SharePoint packages are created as cabinet (CAB) files with a .wsp extension. We can, however, rename a .wsp file, such as myproject.wsp, to myproject.cab and view the contents in Windows Explorer.

Each package file contains many different elements, mostly consisting of XML files and resources such as dynamic link libraries (DLLs), script files, or images. One thing that package files have in common, however, is a manifest.xml file. This file is basically the setup guide for the package and contains a list of the deployable items within the package.

Each solution consists of one or more deployable item. A number of different types of deployable items exist, such as an assembly, a resource file, or a site definition file. However, for the most part, deployable items are defined using feature manifests.

Package Designer

Let’s see how these ideas jibe with our understanding of the Visual Studio project structure.

  1. Create a new blank site named Example 19.

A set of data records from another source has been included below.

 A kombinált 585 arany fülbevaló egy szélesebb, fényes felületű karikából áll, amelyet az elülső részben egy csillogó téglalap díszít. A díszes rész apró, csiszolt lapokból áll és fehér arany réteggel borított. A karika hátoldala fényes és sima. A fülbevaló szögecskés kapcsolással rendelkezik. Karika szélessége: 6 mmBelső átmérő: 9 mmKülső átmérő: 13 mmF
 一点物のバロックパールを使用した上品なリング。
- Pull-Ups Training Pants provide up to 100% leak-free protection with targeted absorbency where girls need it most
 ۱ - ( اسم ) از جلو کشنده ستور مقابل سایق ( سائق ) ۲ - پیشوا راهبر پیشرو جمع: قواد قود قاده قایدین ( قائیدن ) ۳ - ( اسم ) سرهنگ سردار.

  2. Using Visual Studio, create a new Empty SharePoint Project named Exmaple19, as shown:

  3. In the SharePoint Project Wizard, set the site to use for debugging as the site created in step 1, and then select the Deploy As Farm Solution option.

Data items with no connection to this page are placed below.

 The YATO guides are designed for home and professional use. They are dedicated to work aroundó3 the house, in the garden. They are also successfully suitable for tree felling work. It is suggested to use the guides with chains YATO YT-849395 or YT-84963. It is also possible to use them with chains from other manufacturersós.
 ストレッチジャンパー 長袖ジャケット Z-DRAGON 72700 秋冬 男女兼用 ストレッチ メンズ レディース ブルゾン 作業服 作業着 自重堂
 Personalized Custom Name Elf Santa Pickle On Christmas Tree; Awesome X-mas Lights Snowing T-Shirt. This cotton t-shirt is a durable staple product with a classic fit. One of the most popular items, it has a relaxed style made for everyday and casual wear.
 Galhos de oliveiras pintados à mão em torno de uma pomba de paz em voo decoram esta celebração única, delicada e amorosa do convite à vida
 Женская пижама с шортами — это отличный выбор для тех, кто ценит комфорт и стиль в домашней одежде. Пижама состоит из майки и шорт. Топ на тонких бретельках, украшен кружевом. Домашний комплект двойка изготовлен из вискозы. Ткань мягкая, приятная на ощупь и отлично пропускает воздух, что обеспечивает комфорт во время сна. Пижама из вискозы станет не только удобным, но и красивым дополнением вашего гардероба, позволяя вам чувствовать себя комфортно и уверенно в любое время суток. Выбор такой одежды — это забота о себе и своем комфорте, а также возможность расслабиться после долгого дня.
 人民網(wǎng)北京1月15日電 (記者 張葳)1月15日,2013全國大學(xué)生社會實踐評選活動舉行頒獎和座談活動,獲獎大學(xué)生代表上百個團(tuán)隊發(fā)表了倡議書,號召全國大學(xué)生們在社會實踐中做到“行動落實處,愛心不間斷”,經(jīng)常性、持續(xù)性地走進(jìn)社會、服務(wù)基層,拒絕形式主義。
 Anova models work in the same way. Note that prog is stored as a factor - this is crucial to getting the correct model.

  4. Choose Project Add New Item. Then in the Add New Item dialog, select Empty Element, as shown. Name the element FirstElement.

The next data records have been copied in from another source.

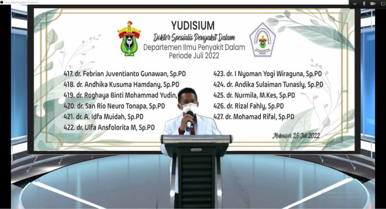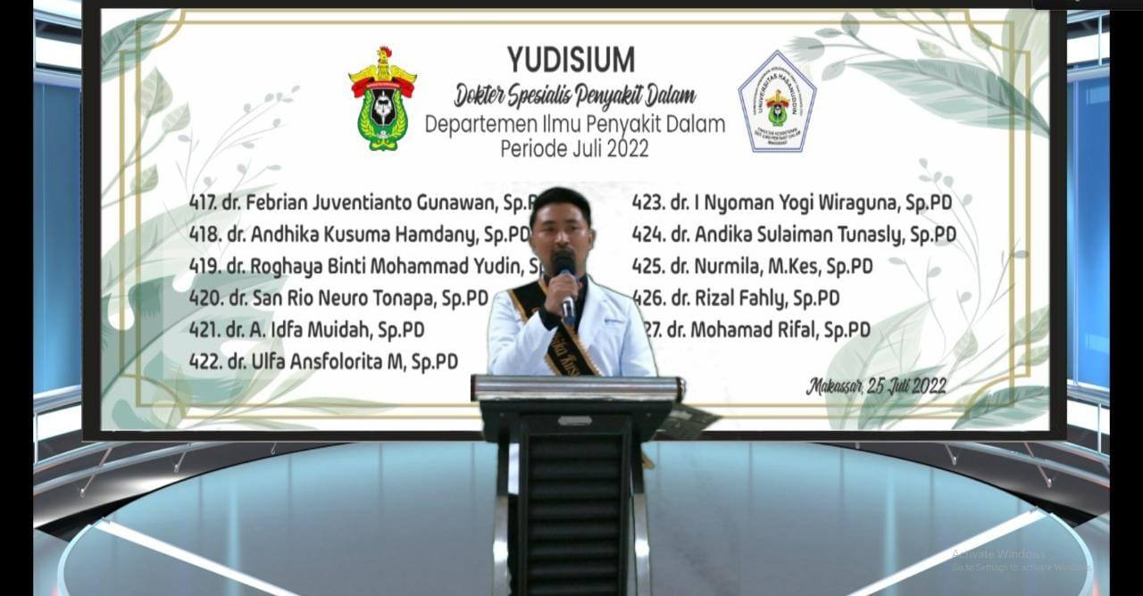 Umum Yudisium Dokter Spesialis Penyakit Dalam Departemen Ilmu Penyakit Dalam FK Univesrsitas Hasanuddin Periode Juli 2022 Interna Unhas July 26, 2022 Selamat dan Sukses kepada senior kami yang telah menyelesaikan Studi Spesialis Ilmu Penyakit Dalam, semoga semakin sukses dokter dengan gelar barunya. 🗓 Senin, 25 Juli 2022 📍 Departemen Ilmu Penyakit Dalam lt. 5 RS Pendidikan Unhas Post navigation Previous Previous post: Welcoming Party MPPDS Sp1 and Sp2 for the Period of July 2022Next Next post: Yudisium of Internal Medicine Specialist, Department of Internal Medicine, Hasanuddin University, July 2022 Related News Acara Umum PENERIMAAN MPPDS BARU SP-1 DAN SP-2 DEPARTEMEN ILMU PENYAKIT DALAM PERIODE JANUARI 2023 January 10, 2023 0 Umum Penerimaan Calon MPPDS Studi Ilmu Penyakit Dalam 2022/2023 December 9, 2022 0
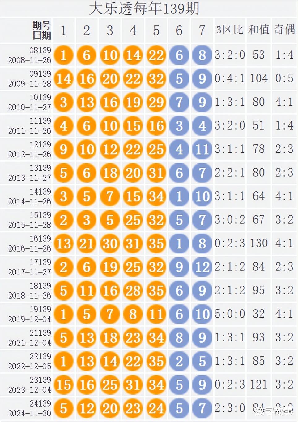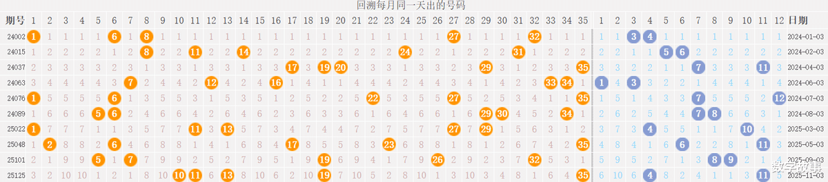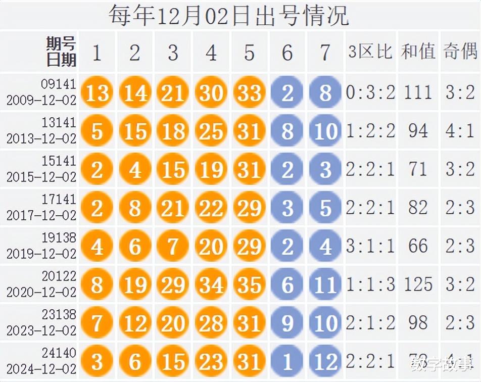 【其他历史数据查询统计】大乐透历史上的今天2025-12-02 星期二 大乐透不开奖每年12月02日出号情况:
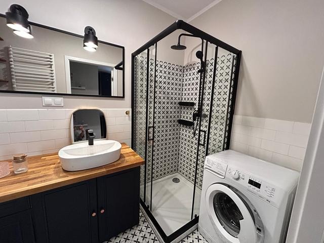 Mieszkanie posiada powierzchnię 52 m2 i składa się z pokoju dziennego połączonego z aneksem kuchennym, 2 sypialni, łazienki z wc oraz przedpokoju. Kuchnię umeblowano meblami na wymiar i wyposażono w płytę indukcyjną, piekarnik, zmywarkę, lodówko-zamrażarkę, pochłaniacz powietrza oraz zlewozmywak. Pokoje w mieszkaniu są częściowo umeblowane. Łazienkę wykończono płytkami ceramicznymi i wyposażono w pralkę, kabinę prysznicową, geberit oraz umywalkę. Do mieszkania przynależy komórka lokatorska.
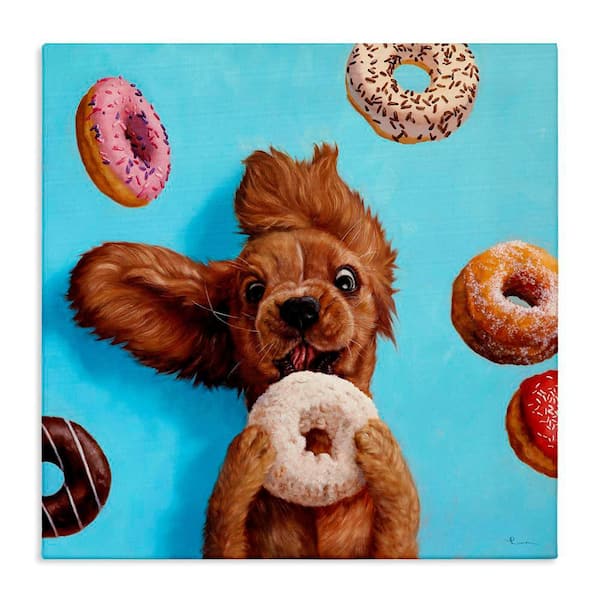 Funny Dog Licking Donut by Lucia Heffernan 1-Piece Gallery Wrapped Unframed Animal Graphic Art Print 24 in. x 24 in.
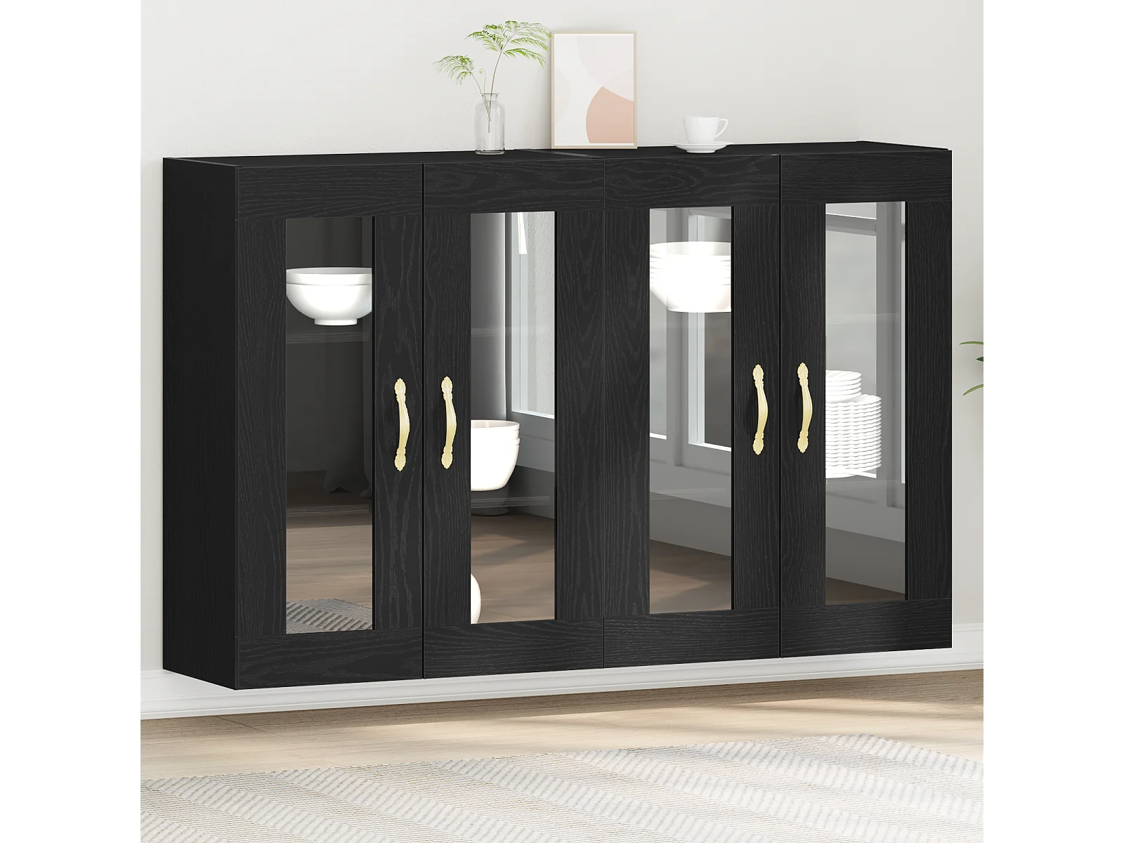 2-teilige Hängeschränke in Eiche schwarz, 69,5 x 34 x 90 cm in Holznachbildung.
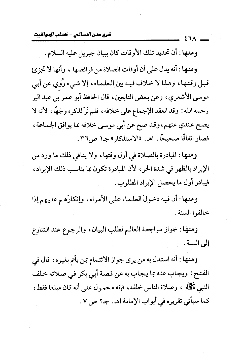 ومنها: أنه يدل على أن أوقات الصلاة من فرائضها، وأنها لا تجزىء قبل وقتها، وهذا لا خلاف فيه بين العلماء، إلا شيء رُوِي عن أبي موسى الأشعري، وعن بعض التابعين، قال الحافظ أبو عمر بن عبد البر رحمه الله: وقد انعقد الإجماع على خلافه، فلم نَرَ لذكره وجهًا، لأنه لا يصح عندي عنهم، وقد صح عن أبي موسى خلافه بما يوافق الجماعة، فصار اتفاقًا صحيحًا. اهـ. "الاستذكار" جـ 1 ص 36.

Let’s take a look at what’s happened in Visual Studio. We have a Features folder and a Package folder. If we double-click Package.package within the Package folder, we’ll see the package designer shown here:

The package designer gives us a visual tool we can use to modify the manifest.xml for a package file. Click the Manifest button at the bottom of the page to see the underlying manifest.xml file:

<Solution xmlns="http://schemas.microsoft.com/sharepoint/"
          SolutionId="--snipped--" SharePointProductVersion="14.0">
  <Assemblies>
    <Assembly Location="Example19.dll"
              DeploymentTarget="GlobalAssemblyCache" />
  </Assemblies>
  <FeatureManifests>
    <FeatureManifest Location="Example19_Feature1\Feature.xml" />
  </FeatureManifests>
</Solution>

In this manifest are two deployable items: an assembly that will be the build output of our Visual Studio project and a FeatureManifest that points to a Feature.xml file.

Deploying Assemblies

By default, the build output assembly will always be added to the solution file. This means that any code that we add within our project will be compiled and the resultant DLL will be deployed to SharePoint in the solution package. In some situations, however, we may need to add another assembly. By clicking the Advanced button in the Solution Designer, we can either add an assembly or add the compiled output of another project within the solution. Along with adding additional assemblies, we can also add any resource assemblies that should be included.

Adding Safe Controls

SharePoint makes use of a custom page parser to assemble the user interface, and this parser is known as the Safe-Mode Parser. Its primary function is to prevent users from executing code on the server that hasn’t been specifically approved by an administrator. The mechanism by which an administrator approves code for execution is the SafeControl entry, which is ultimately applied as a web.config entry on each front-end server. If our assembly contains user controls or web parts or any other component that can be declaratively added to a page, a SafeControl entry is required. If a user attempts to add a component that does not have a corresponding SafeControl entry, an error will be thrown detailing the absence of the SafeControl entry as the problem.